As medidas tomadas pelos combatentes da Comuna não podiam ser mais do que essa ponte de ligação, porque a sua reorganização política do Estado carecia da apropriada base econômica.
Na Revolução Russa, a ponte de ligação tornou-se uma estrutura mais propriamente coerente. Já em 1905, em Petersburgo, Moscou, etc., existia a instituição dos conselhos operários, embora em breve tivesse que ceder terreno à reação. Mas a sua imagem impressionara os trabalhadores e, na revolução de Março de 1917, a massa dos operários russos tomou imediatamente conta da formação de conselhos de novo, não por falta de outras formas de organização, mas porque a revolução despertava neles a necessidade ativa de uma fusão como classe. Radek escreveu na altura, observando este fenômeno: “O partido apenas pode chamar sempre os operários mais habilitados, mais lúcidos. Mostra um caminho largo, horizontes abertos, pressupõe um certo nível de consciência proletária. O sindicato apela para as necessidades mais diretas das massas, mas organiza-se por ocupações, no melhor dos casos por ramos de indústria, mas não como classe. No período do desenvolvimento pacífico só as fileiras da frente do proletariado têm consciência de classe. Contudo, a revolução consiste em arrancar do seu letargo as mais largas camadas do proletariado, mesmo as que até então encaravam a política com hostilidade, e imbuí-las de efervescência. Acordam, querem agir; vários partidos burgueses e socialistas, diferentes quanto ao objetivo dos seus esforços, e quanto à via que pretendem seguir, voltam-se para elas. A classe operária sente instintivamente que pode triunfar como classe. Procura organizar-se como classe. E este sentimento, que só como classe pode conquistar, de que os esforços dos seus opositores, que se agrupam em torno de um simples partido, não podem sair vitoriosos, é tão grande que, com a continuação da liberdade de agitação pelos slogans partidários, mesmo as seções mais avançadas do proletariado, cujos esforços vão além dos momentâneos desejos da classe, submetem-se à organização de classe nos dias decisivos. Fazem-no com base numa perspectiva mais clara da natureza da revolução proletária. Na época pacífica do movimento a vanguarda proletária propõe-se objetivos políticos extremamente limitados, para cuja realização não era necessária a força de toda a classe. A revolução põe a questão da conquista do poder na ordem do dia. Para tal as energias da avant-garde não são suficientes. Os conselhos operários tornam-se, então, o terreno onde a classe operária se reúne”.

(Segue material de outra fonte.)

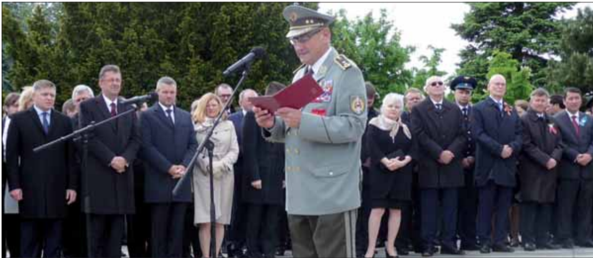
Za SZPB prehovoril podpredsa ÚR SZPB generál Igor Čombor.
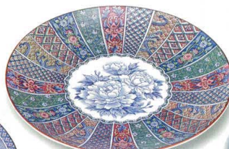
陶 259-403-812 2,600円 染錦10.0皿(31.5×3) 724920181
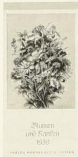
13 Postkarten XMR 1.40 in Vierfarbendruck
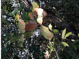
Figura 02: detalhes da vegetação no parque
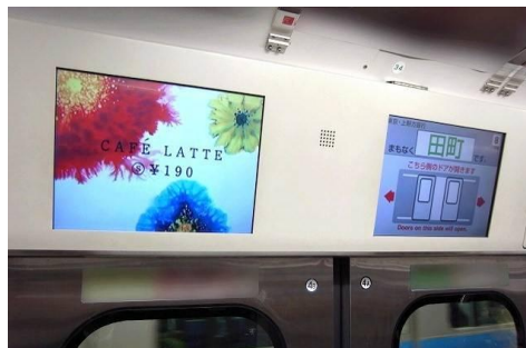
《トレインチャンネル》
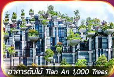
อาคารต้นไม้ Tian An 1,000 Trees
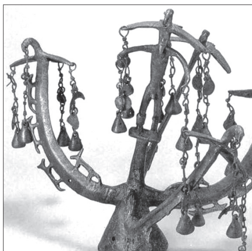
Ілюстрація 1. Фрагмент бронзової верхівки скіфського бунчука-штанدارта із зображенням божества (ймовірно, Папая), яструбів та вовків. Скіфія, IV ст. до н. е. Виявлено на кургані Лиса Гора (Дніпропетровська область, Україна). Взято: http://www.pslava.info/DniproM_LysaGora_NavershJalZobrazhennjamPapaja_055-1,83902.html . Джерело: Scythian gold: Museum of historic treasures of Ukraine. S. 1: 1992, p. 55.

з іклів вовків та ведмедів, що мали слугувати як амулети [19, с. 85, 149].
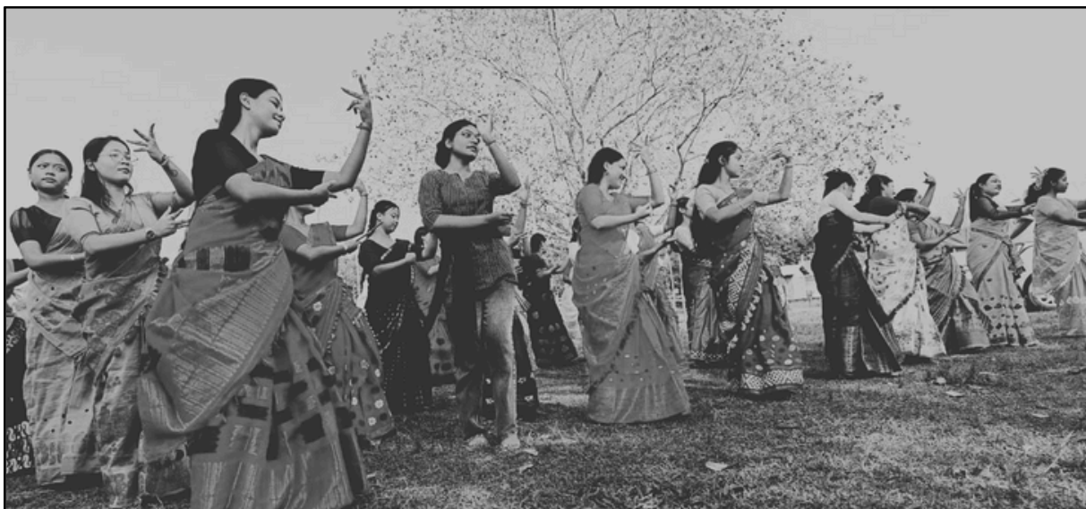
বঢ়মপুৰত এনেদৰে চলিছে ৰাসৰ প্ৰস্তুতি

Os revolucionários russos, os operários e pequenos camponeses, conquistaram o poder político com a ajuda dos conselhos. Tomaram o poder só para si, não o partilharam mais com nenhum resquício da burguesia. Dividiram a Rússia em distritos, nos ·quais os Sovietes eram eleitos pelos operários e camponeses pobres, primeiro para as áreas locais, depois para os distritos; os Sovietes Distritais elegiam o Soviete Central para todo o Estado e o Comité Executivo saído do Congresso destes Sovietes. Todos os membros dos Sovietes municipais, distritais e Central, tal como todos os funcionários e empregados só eram eleitos a curto prazo; permaneciam sempre dependentes do seu eleitorado, a quem prestavam contas.

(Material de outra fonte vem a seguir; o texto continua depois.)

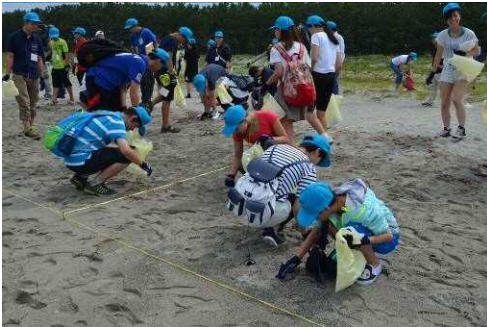
해안 표착물조사 체험
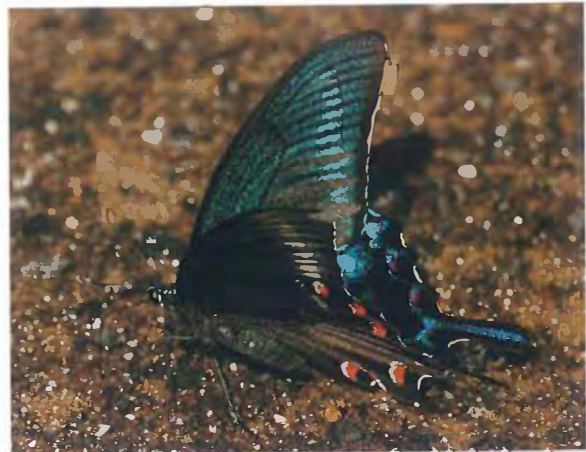
写真14. ミヤマカラスアゲハ♂(2016年6月23日, 撮影者:N, 吸水).
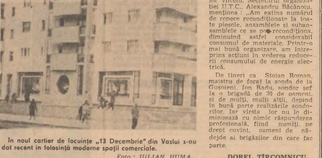
În noul cartier de locuințe „13 Decembrie” din Vaslui s-au dotat recent în folosiță moderne spații comerciale.
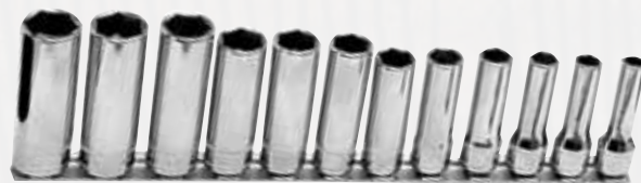
212SFSMY 3/8" Nussatz, 12-teilig. Tiefe Ausführung, Sechskant, 8-19 mm, extrem dünnwandig, Flank Drive System für abgerundete Schrauben.

Nos conselhos operários os trabalhadores encontraram a sua organização, a sua fusão à escala de classe e expressão da sua vontade, a sua forma e essência. Para a revolução assim como para a sociedade socialista.
Através do estabelecimento de conselhos operários, mesmo que não tivessem podido manter a sua forma revolucionária e tornar-se efetivos para as tarefas do socialismo, a Revolução Russa deu aos trabalhadores do mundo o exemplo de como se faria a revolução – como fenômeno proletário.

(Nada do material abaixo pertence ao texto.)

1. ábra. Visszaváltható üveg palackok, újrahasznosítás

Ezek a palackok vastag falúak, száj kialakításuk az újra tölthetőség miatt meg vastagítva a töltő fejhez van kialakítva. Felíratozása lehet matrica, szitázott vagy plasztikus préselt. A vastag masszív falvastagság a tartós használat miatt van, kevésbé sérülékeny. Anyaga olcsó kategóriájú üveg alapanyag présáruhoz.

Com este exemplo pela frente o proletariado pode preparar a revolução mundial. O proletariado mundial, para se transportar – e só ele – para o poder econômico e político onde quer que comece a desenrolar-se uma revolução proletária, antes, durante e depois das lutas, terá que criar conselhos operários nas municipalidades, distritos, províncias, regiões e nações.
Quando o levantamento Alemão de Novembro surgiu, apareceu subitamente no centro de todas as exigências e slogans revolucionários a palavra de ordem: Todo o poder para os Conselhos!
E imediatamente surgiram conselhos de operários e soldados.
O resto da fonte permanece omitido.